• **Task directions**
A verbatim copy of the listing is what is needed, minus any pictures.

• **Provided data**
_ _ _ _ _

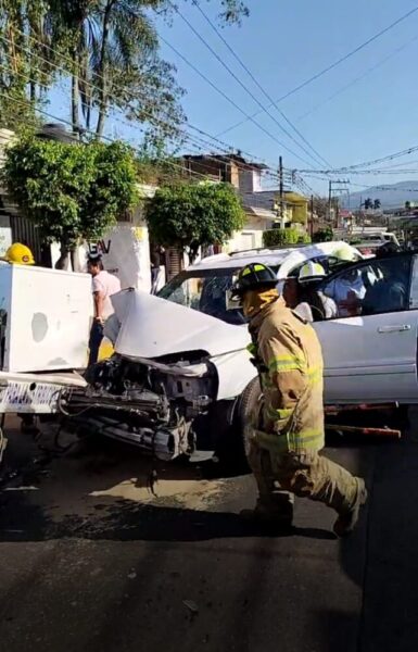 Afortunadamente solo reportaron daños materiales y la persona que conducía la camioneta y autoridades del accidente, se negó a las atenciones de los paramédicos.
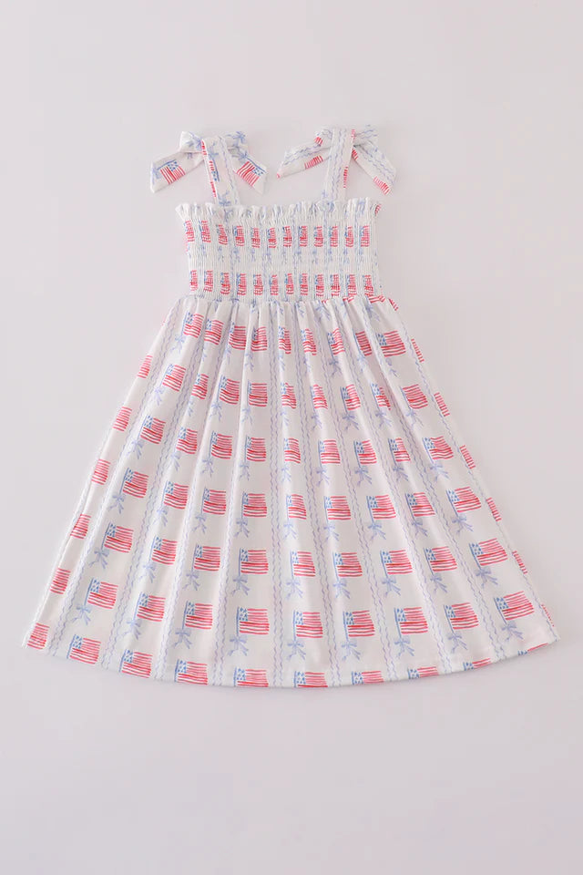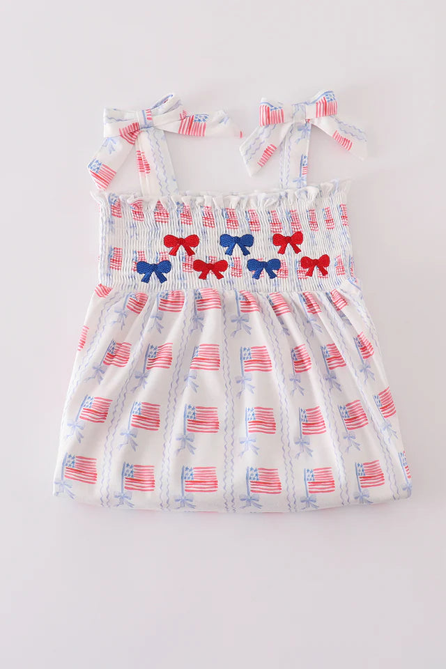 Abby & Evie Bow Embroidery Smocked Dress 121960
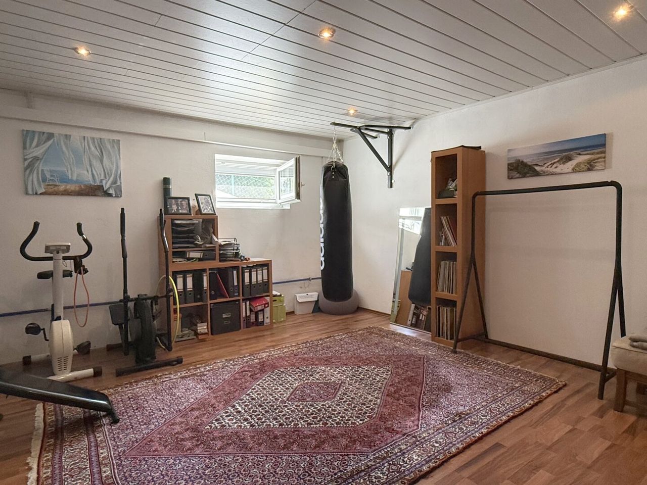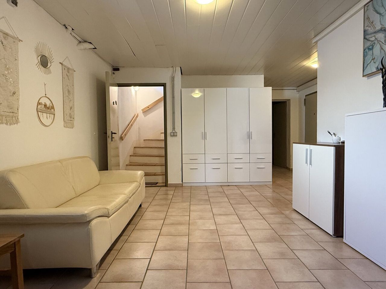 Hell, großzügig, überraschend freundlich – „Kellergefühl“? Kennen wir hier nicht. Der großzügige Eingangsbereich gefliest, aber warm dank Fußbodenheizung. Gleich rechterhand ein Raum mit Fenster: hauseigenes Gym, Atelier, Gästezimmer – oder einfach ein Ort, in dem die Möglichkeiten fast von selbst durch die Luft tanzen.

_ _ _ _ _

• **Solution to this task**
 Afortunadamente solo reportaron daños materiales y la persona que conducía la camioneta y autoridades del accidente, se negó a las atenciones de los paramédicos.
 Abby & Evie Bow Embroidery Smocked Dress 121960
 Hell, großzügig, überraschend freundlich – „Kellergefühl“? Kennen wir hier nicht. Der großzügige Eingangsbereich gefliest, aber warm dank Fußbodenheizung. Gleich rechterhand ein Raum mit Fenster: hauseigenes Gym, Atelier, Gästezimmer – oder einfach ein Ort, in dem die Möglichkeiten fast von selbst durch die Luft tanzen.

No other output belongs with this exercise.